Alex, un giovane padre, è in lacrime. Non sa come dire a Elliot, il figlio di cinque anni, che sua madre ha avuto complicazioni durante il parto della sorella, Lucille, e non è più con loro. Ma Elliot sembra aver capito tutto, anzi forse ha già accettato l’accaduto. Al contrario di Alex, che passerà invece molto tempo ad elaborare il lutto, barcamenandosi tra nuove responsabilità, nuove amicizie, nuovi amori. Qui entra in gioco Sandra, vicina di casa cinquantenne e volutamente single e senza figli, con la quale Alex, Elliot e la piccola Lucille instaureranno un forte legame.

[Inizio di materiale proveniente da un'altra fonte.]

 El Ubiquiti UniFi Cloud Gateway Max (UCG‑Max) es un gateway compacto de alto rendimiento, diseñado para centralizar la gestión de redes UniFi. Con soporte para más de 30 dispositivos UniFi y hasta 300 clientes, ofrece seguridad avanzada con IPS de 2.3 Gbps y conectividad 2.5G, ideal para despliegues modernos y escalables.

In quel breve e spiazzante scambio di battute, c’è tutta l’innocenza de L’attachement, tutta la tenerezza e la purezza, incarnate nello sguardo intelligente e sensibile di un bambino che pare più saggio di tutti gli altri personaggi: sa come nascono i neonati e si chiede come sia possibile che qualcosa di così grande possa uscire da una fessura così piccola. Dopodiché trae le sue conclusioni: deve fare molto male. Seppur inconsciamente, Elliot ha quindi compreso che il dolore fa parte della vita, e che anche la morte non è altro che una sua parte, complementare e necessaria. Per questo la scomparsa della madre non lo stupisce, e sempre per questo cerca di aggrapparsi alla vita più che può, trovando in una libraia di mezza età la sua ancora di salvezza.

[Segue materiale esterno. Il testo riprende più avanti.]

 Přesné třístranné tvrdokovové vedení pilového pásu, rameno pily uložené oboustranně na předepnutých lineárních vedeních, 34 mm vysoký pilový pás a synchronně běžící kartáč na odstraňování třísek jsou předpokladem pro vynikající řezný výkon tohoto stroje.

Sandra, del resto, non può fare altro che accettare l’affetto del bambino e il suo nuovo ruolo all’interno di questa famiglia allargata, strana e disfunzionale (come ogni famiglia che si rispetti), che la accoglie nonostante le sue riserve. Il loro rapporto è il cuore di L’attachement e Carine Tardieu – al suo quinto lungometraggio dopo I giovani amanti, e al secondo adattamento letterario dopo Du vent dans mes mollets – trova una solidissima protagonista nell’ottima Valeria Bruni Tedeschi, alle prese con un ruolo molto diverso da quello di donna fragile e insicura che spesso ha interpretato, anche in progetti recenti. Non è infatti la moglie tormentata del Pirandello di Eterno visionario, né l’eccentrica nobildonna Gaia Bradiforti de L’arte della gioia, ma una figura indipendente, complessa, che ama la lettura, fuma in casa, salta i pasti per pigrizia e non ammette nessuno nella sua camera da letto.

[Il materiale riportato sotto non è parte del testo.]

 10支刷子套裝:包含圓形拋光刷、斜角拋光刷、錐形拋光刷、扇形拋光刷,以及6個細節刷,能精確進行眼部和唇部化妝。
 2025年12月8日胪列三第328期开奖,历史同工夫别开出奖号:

Anche gli altri comprimari convincono, in particolare il giovanissimo César Botti e Pio Marmaï, così come convince la sceneggiatura, ricca di dialoghi fitti e credibili, contribuendo alla costruzione di un dramma sentimentale borghese che emoziona, coinvolge e commuove. Allo stesso tempo (ma forse non è un male), L’attachement e la sua regista non riescono però a trovare soluzioni davvero sorprendenti, con il risultato che, un po’ come Sandra e Alex faticano a uscire dai propri schemi mentali, anche il film resta perlopiù confinato nei risvolti narrativi classici e nei cliché del suo stesso genere.